THE PROBLEM:
Set down the whole listing below exactly. The pictures stay out.
"""
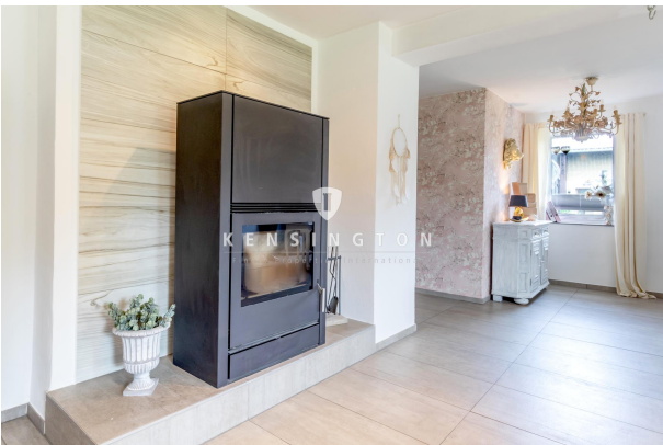
Wohnzimmer Wohnung EG links
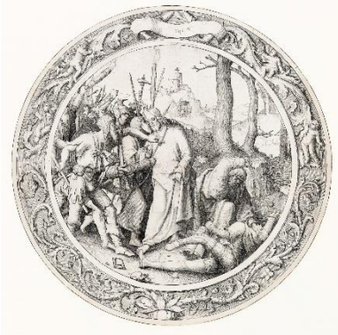
Lucas van Leyden, Die Gefangennahme Christi (aus der Runden Passie) | Het verraad van Christus (uit de Ronde Passie) | The Betrayal of Christ (Christ Taken Captive) (from the Circular Passion), 1509, Draiflessen Collection (Tuliba), Mettingen TP 0093, Foto | foto | photo: Stephan Kube, Greven
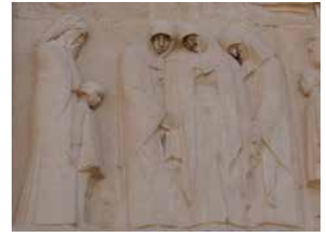
Détail du monument aux morts Gustave Violet
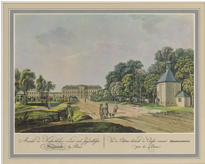
Historische Ansicht des Jagdschlosses Herzogsfreude Fotograf/Urheber: Andreas Johann Ziegler ; Laurenz Janscha
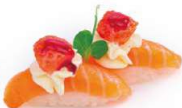
106 | SAKE ICHIGO salmone con fragola, e salsa al frutti di bosco, philadelphia €3.50 🍴🍴
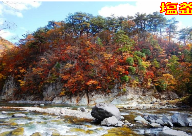
帯川と鹿股川の合流地点
"""
SOLVED EXERCISE:
Wohnzimmer Wohnung EG links
Lucas van Leyden, Die Gefangennahme Christi (aus der Runden Passie) | Het verraad van Christus (uit de Ronde Passie) | The Betrayal of Christ (Christ Taken Captive) (from the Circular Passion), 1509, Draiflessen Collection (Tuliba), Mettingen TP 0093, Foto | foto | photo: Stephan Kube, Greven
Détail du monument aux morts Gustave Violet
Historische Ansicht des Jagdschlosses Herzogsfreude Fotograf/Urheber: Andreas Johann Ziegler ; Laurenz Janscha
106 | SAKE ICHIGO salmone con fragola, e salsa al frutti di bosco, philadelphia €3.50 🍴🍴
帯川と鹿股川の合流地点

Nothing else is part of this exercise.